In light of all this, and insofar as he represents health and liberating power, it may seem suspicious that, among his other attributes, Asclepius is generally depicted as carrying a staff. Though to some degree this rod resembles the staff of Moses – the phallus of coercive power – Asclepius’ rod is distinguishable from Moses’ staff insofar as it is encoiled by a serpent. Symbolic of wisdom, and of the regenerative, liberating power of health, the serpent, however phall-ic, should not be confused with the phallus. For, unlike the rod, which – like law itself – is defined by its rigidity, the serpent is flexible, responsive, and able to adjust to its environment. Indeed, rather than symbolizing the phallus, and the dominating power of the nomos, one may see the serpent – flexible and wise – as symbolic of justice and of liberating power.
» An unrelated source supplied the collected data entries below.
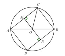 Cho đường tròn (O) đường kính AB. Qua A và B vẽ hai dây song song AC và BD (điểm C và D nằm trên đường tròn). Gọi M, N lần lượt là hình chiếu vuông góc của O xuống AC và BD.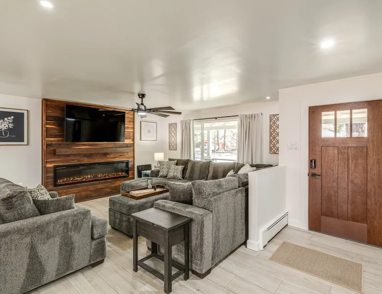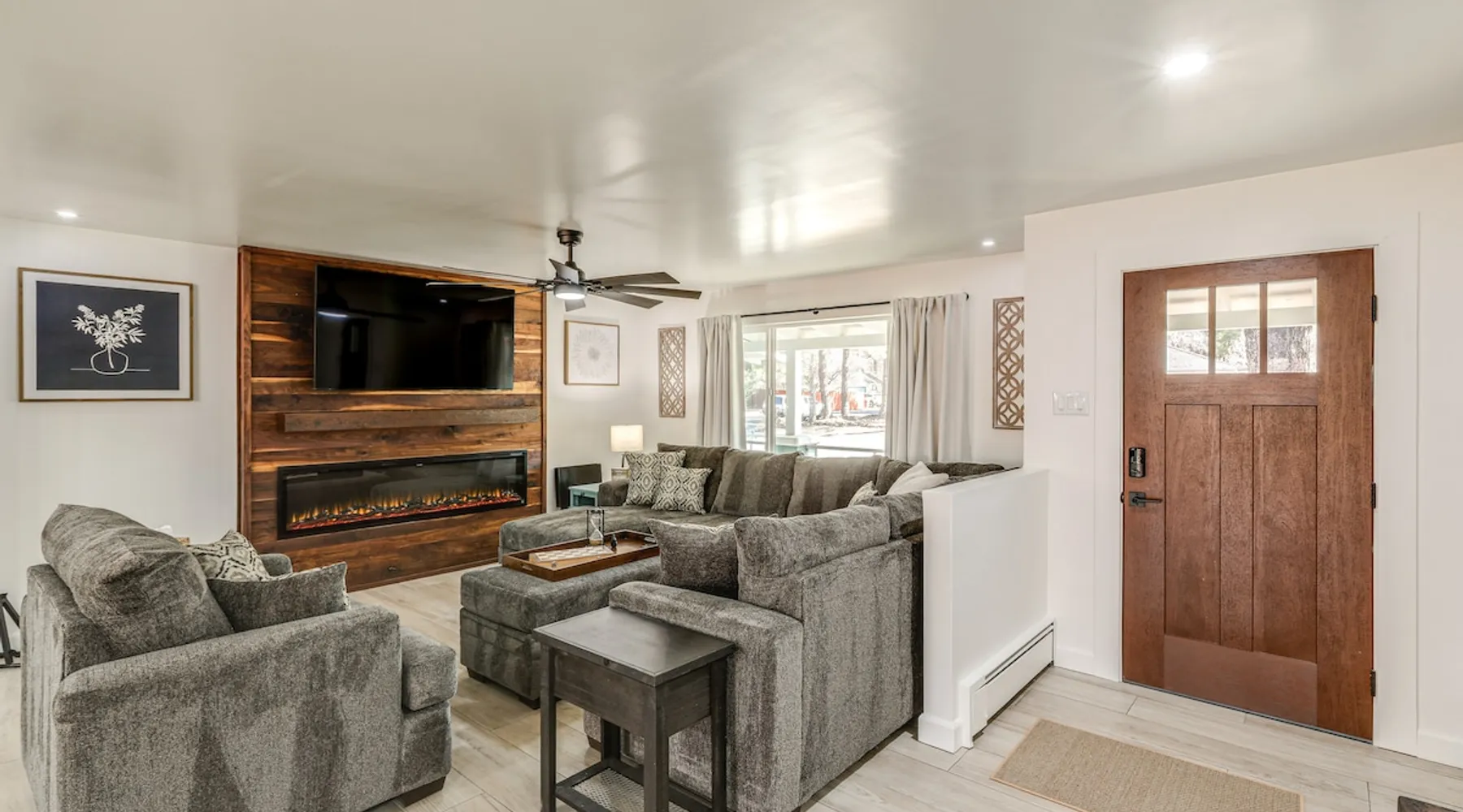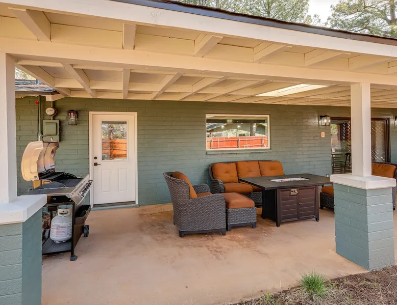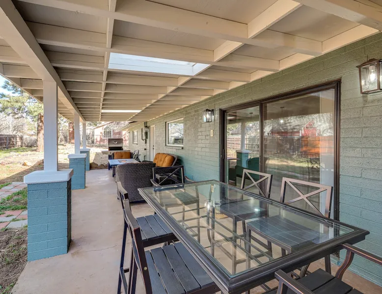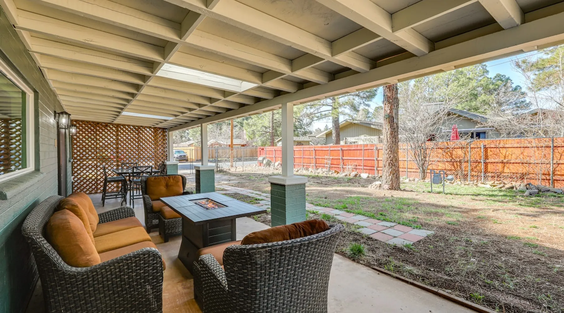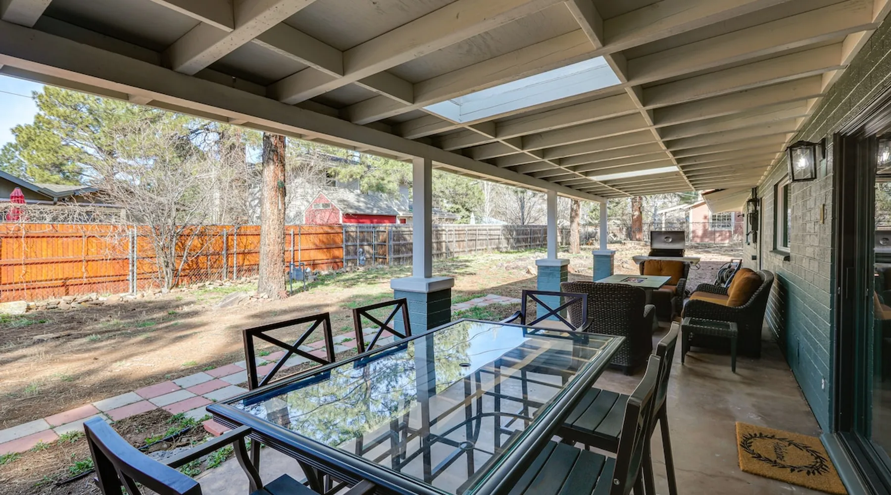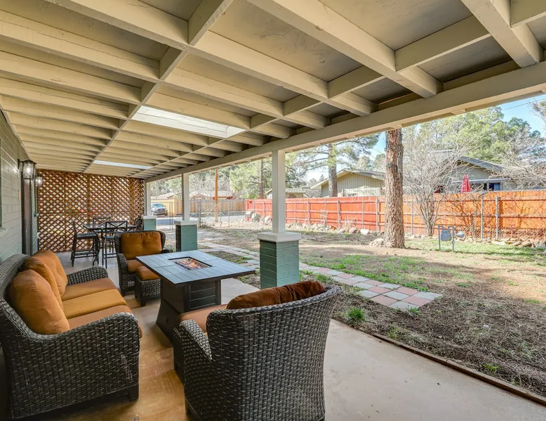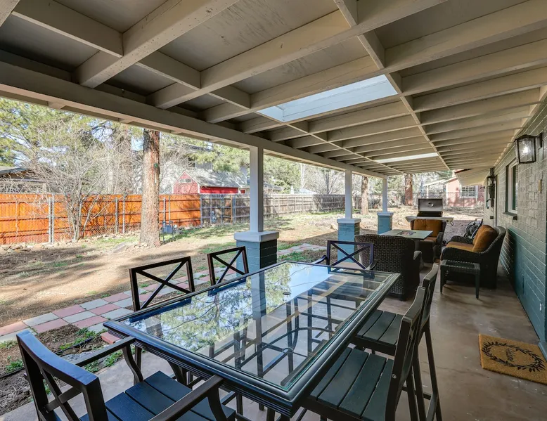 Large Fenced Yard | BBQ Ready | Fireside Relaxation | Pets Welcome w/ Fee Find peace among the tall pines when you stay at this Flagstaff vacation rental. This 5-bedroom, 3-bathroom home makes it easy to explore the beauty and fun of Northern Arizona, whether you want to set out on stunning hikes or walk to downtown for dinner and drinks. When you feel like staying in, fire up the grill while your furry friend runs through the trees or cozy up for a movie night in front of the fireplace. The space TPT-21585849 SLEEPING ARRANGEMENTS - Bedroom 1: 1 king bed - Bedroom 2: 1 king bed - Bedroom 3: 1 queen bed - Bedroom 4: 1 queen bed - Bedroom 5: 1 queen bed - Additional Sleeping: 1 portable crib INDOOR LIVING - Smart TVs w/ cable, bluetooth speaker - Electric fireplace, wet bar - Board games, books - Dining table, high chair - En-suite bathrooms, walk-in showers OUTDOOR LIVING - Covered patio, fire pit table - Outdoor dining set, gas grill - Fenced backyard, cornhole, horseshoes KITCHEN - Refrigerator, stove/oven, microwave, dishwasher - Dual Keurig/drip coffee maker (starter coffee provided) - Toaster, Crockpot, blender, cooking basics, spices - Island w/ bar seating, dishware & flatware GENERAL - Keyless entry, self check-in, free WiFi - Washer & dryer, laundry detergent - Iron/board, trash bags/paper towels - Towels/linens, complimentary toiletries, makeup remover pads, hair dryer, baby tub - Gas heating, portable fans, ceiling fans FAQ - Pet fee (paid pre-trip) - No A/C - Quiet hours (10:00 PM-8:00 AM) - 3 exterior security cameras (facing out) - 4WD/AWD required in winter/snowy weather ACCESSIBILITY - Single-story house, 1 step required to access PARKING - Gravel surface (2 vehicles) - Garage (2 vehicles) - RV/trailer parking allowed - Seasonal street parking Guest access Guests will have access to the entire property via keyless entry Other things to note - No smoking - Pet friendly w/ $100 fee (+ fees & taxes, 2 max) - No events, parties, or large gatherings - Please observe quiet hours from 10:00 PM to 8:00 AM - Additional fees and taxes may apply - Photo ID may be required upon check-in ADDITIONAL INFORMATION - This single-story house requires using 1 step to access - The property does not offer air conditioning - The property has portable fans and ceiling fans - Your safety matters. This property features 3 exterior security cameras. Camera 1 is located on the front porch facing the main entrance. Camera 2 is located at the front of the house facing the driveway. Camera 3 is located at the back of the home facing the rear porch. These cameras do not look into any interior spaces. The cameras record video and sound when activated by motion - Flagstaff experiences significant winter weather, and we want to ensure our guests are well-prepared for snow-related conditions. Please travel with a 4WD/AWD vehicle and carry snow chains if required. Check the weather and road conditions before departing for your trip. Be prepared to shovel walkways or vehicles if snow falls during your stay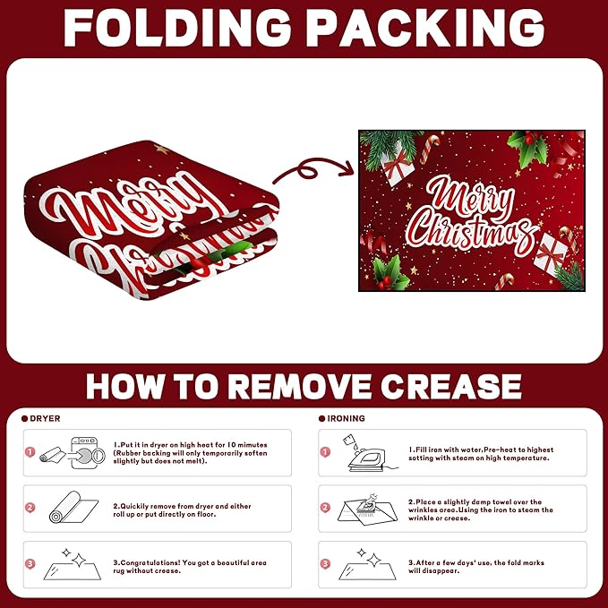 - [ANTI-SLIP BOTTOM]: Small anti-slip grip dots at the bottom of the Merry Christmas Rug, which helps prevent it from sliding on your floor. Non-slip, non-fading, non-shedding, water-absorbing, durable.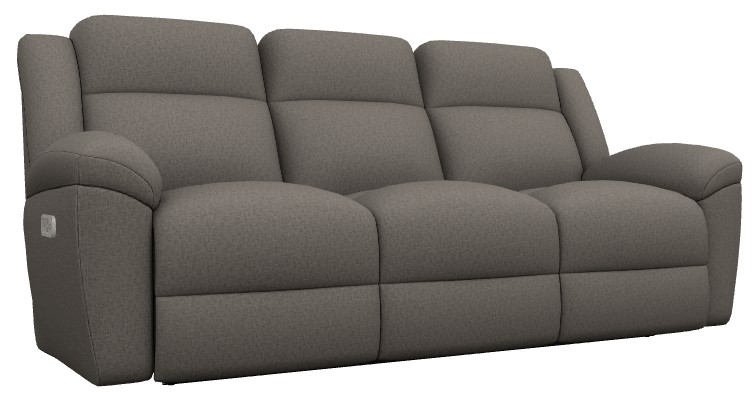 The Joel Power Reclining Sofa with Headrest features flared arms, lush cushions and comfy, casual style. Pillowy arms welcome you, then press the button to adjust the backs, headrests, chaise seats and legrests—your tv binging just went next-level!Read More

As such, a more persuasive interpretation of the symbolic import of the serpent-encoiled rod of Asclepius’ may be that it is a phallus (dominating power) that is constrained by wisdom, health, and liberating power. In other words, the rod of Asclepius may be seen to represent justice prevailing over law. Incidentally, it is interesting to point out that the staff of Moses was itself at certain points transformed into a serpent. This transformation, however, strictly occurred while Moses was acting in the capacity of a liberator, nullifying law and initiating the just – not in his role as lawgiver. Insofar as he was a lawgiver, Moses’ rod was a rigid phallus. And in his capacity as shepherd, this phallus functioned to symbolically decapitate his flock, deforming their heads into mindless balls (or ballots).
As we approach the presidential election, it is important to consider this dimension of the ballot, and its involvement in the abdication of our collective, generative, liberating powers to rulers whose allegiance is, beyond any fidelity to actual justice, to the aggrandizement of political, social, and economic forms of dominating power. As such, rather than surrendering our balls in this quasi-political practice, and empowering the nomos and the shepherd (which Michel Foucault has demonstrated continue to function as dominating power within contemporary biopolitics) the interests of justice and an actual politics – one that lives up to the radical notion of democracy as self-government, justice, and autonomy – demands the pursuit of the concrete conditions of justice, arguably articulable through a consideration of the concrete demands of health. In a world growing ever sicker, such a project ought to be our top political, economic and social priority.
And while we must cease our symbolic, collective self-decapitation (and, indeed, must not behead anyone, for such practices merely perpetuate the violence of dominating power) in order to realize the conditions of justice, there is at least one head that – insofar as it reproduces far-reaching, systematic harms – must be decapitated. Its name, derived from the Latin, is capital.